Here I am, knee deep in a dumpster in my mother’s back driveway. Surrounded by a mixed debris of leaves, old newspapers and coffee grounds , I am wearing dishwashing gloves while searching for things my mother mistakenly tossed out. Due to her advanced glaucoma, she somehow mixed in her recent bills, theatre tickets and calendar with the trash. As I pick through the mess like a tabloid reporter searching for evidence of a celebrity scandal, I find the pile of treasure I’m looking for.
Before that little incident, the house almost caught fire. This time my 88 year old mother had been warming a donut in a paper bag in her 70 year old oven setting it on broil.

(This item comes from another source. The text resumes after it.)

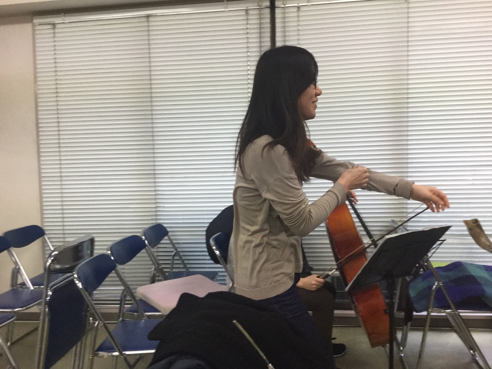 愛ちゃん角笛を吹きならします。

Flames were shooting out from the sides of the stove while black smoke spread through the house. I dialed 911 and apologized to the two fully manned firetrucks that showed up that it was only a burning donut.

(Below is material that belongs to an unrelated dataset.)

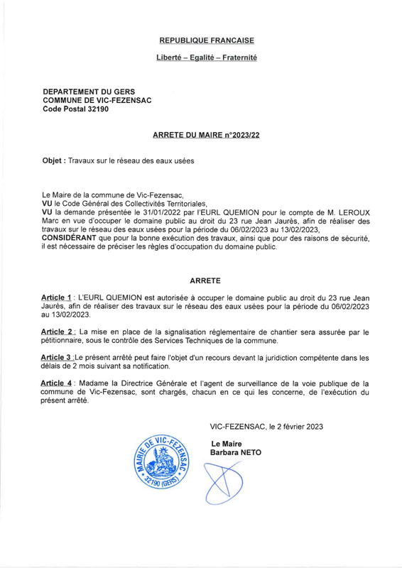 03-02-2023 - Arrêté n°2023/22 - Travaux sur le réseau des eaux usées (Rue Jean Jaurès)

The firefighters pulled the pulverized mess from the oven and put out the fire. My mother was floating on her raft in the pool during the commotion. She looked like an aging actress waiting for her cue. “What’s all the fuss about?” She said with an innocent smile.
So this is my life now. At the age of 59, I’m living in the home I grew up in, taking care of my elderly mother.
And to think I used to be a somebody! Well, at least in Boston I’d get recognized for my work as an entertainment reporter at a local TV station. My career spanned 27 years in that lovely city by the Charles River. I’d interview movie stars like Julia Roberts and Denzel Washington. George Clooney would give me a big hug every time I walked in to chat with him about his latest film. Life was exciting and fun. I was on the red carpet at the Oscars and the Emmys. I was SARA EDWARDS, TELEVISION STAR.
But three years ago when I hit my mid fifties, I discovered that I was past my television “shelf life.” I was still single, after a long series of failed relationships that always caved in because my priority was career. I was also fed up with the snow and isolation that winter can bring . So I packed up my furniture and two cats, and moved back to sunny California to live with Mom and re-invent myself.
Life changed in an instant. It seemed that my mother was waiting for me to come home before she gave up running her own life.
Instead of producing stories about Brangelina and Britney, I produce Jeane Edwards now. That entails paying her bills, and driving her to bridge games, and helping her put on her hair pieces and make up. Gone are my trendy television outfits. My uniform is jeans and T shirts with my hair in a pony tail. I heard Mom tell one of her church friends “Sara really doesn’t care how she looks anymore now that she’s not on TV.”
There may be some truth to that. For almost three decades of my life I had to look camera ready. I would arrange a week’s worth of outfits so there were no repeats. I spent hours at the hairdresser, MAC makeup counter, and the gym. I got Botox and had my eyes “lifted” at age 49.
Free of all that now, I feel more relaxed and less “on.” I am just plain old Sara and pretty happy with that. I am also deepening my relationship with a mother who was always feisty and frustrating. In many ways, I’m the mother now. Our days together are limited. We both know that. I tell friends it is my sacred task to care for her. I say that on the days I don’t want to murder her.
And something else miraculous evolved at the age of 59. After decades of Mr. Wrongs, I met Mr. Right. The unlikely matchmaker was the caregiver for my Mom’s 93 year old friend Gloria. In her Guatamalan accent Herenia was adamant. “Sara, I clean house for a man who would be perfect for you!”
Though doubtful, I agreed to meet Christopher for drinks at a little Italian restaurant in Pasadena. That first date has turned into the healthiest and most loving relationship of my life. I finally have the time to invest in someone. Someone who prefers me WITHOUT make up.
Television fame gave way to real life. I’m thankful for my time in the limelight. It’s why I can afford to be semi-retired now. But life is richer. I’m not chasing after Cameron Diaz to ask her what designer she’s wearing. I’m taking my nearly blind mother to Macy’s to buy the purple shoes she wants. Then Christopher will meet us for lunch. Life is good.